The six-storey former Matchless factory at Woolwich closed on 25 July 1969, and production was transferred to a new, small, modern facility at Andover, Hampshire, when the range was expanded to five Commando variants—Fastback, Roadster SS, Production racer and Hi-Rider, all having "Isolastic Construction—Norton's revolutionary answer to vibration".
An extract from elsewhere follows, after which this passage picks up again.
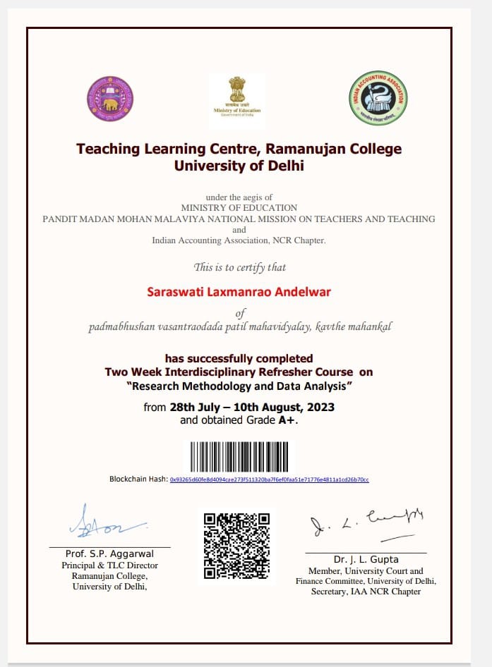 2025-26 Marathi Other National Dr.Saraswati Laxmanrao Andelwar MMTTC,UGC Sponsored Refresher Course on Interrelationship Between Indian Lenguage and Cinema 06-08-2025 15 Attended View View

By 1971, the company name had changed again to Norton Villiers Europe Ltd. By 1973, a variant on the Roadster was introduced named Interstate, with larger 53/4-gallon (27 litre) fuel tank replacing the original US-specification 21/2 gallon (18 litre) capacity. By 1974 the company name had changed yet again, to Norton Triumph Europe Limited.

==Prototype models==
As part of an attempt to produce new models from existing parts, NVT produced a few prototype models using the Isolastic engine mounting system. None of the prototypes made it into production.

===Norton P92===
The P92 model comprised a BSA B50 engine in a BSA Fury/Triumph Bandit frame using Isolastic mountings from the Norton Commando. The US DOT had mandated that all motorcycles sold in the US should have a left hand gear change. The B50 had the gear lever on the right, so to comply with this requirement, the engine was tilted forward in the frame and a gear linkage run under the gearbox to provide a left hand gear change.

===900 Commando===
A prototype '900 Commando' was also produced. It used a Triumph T180 triple engine (a T160 Trident engine increased in capacity to 870 cc) in Commando cycle parts.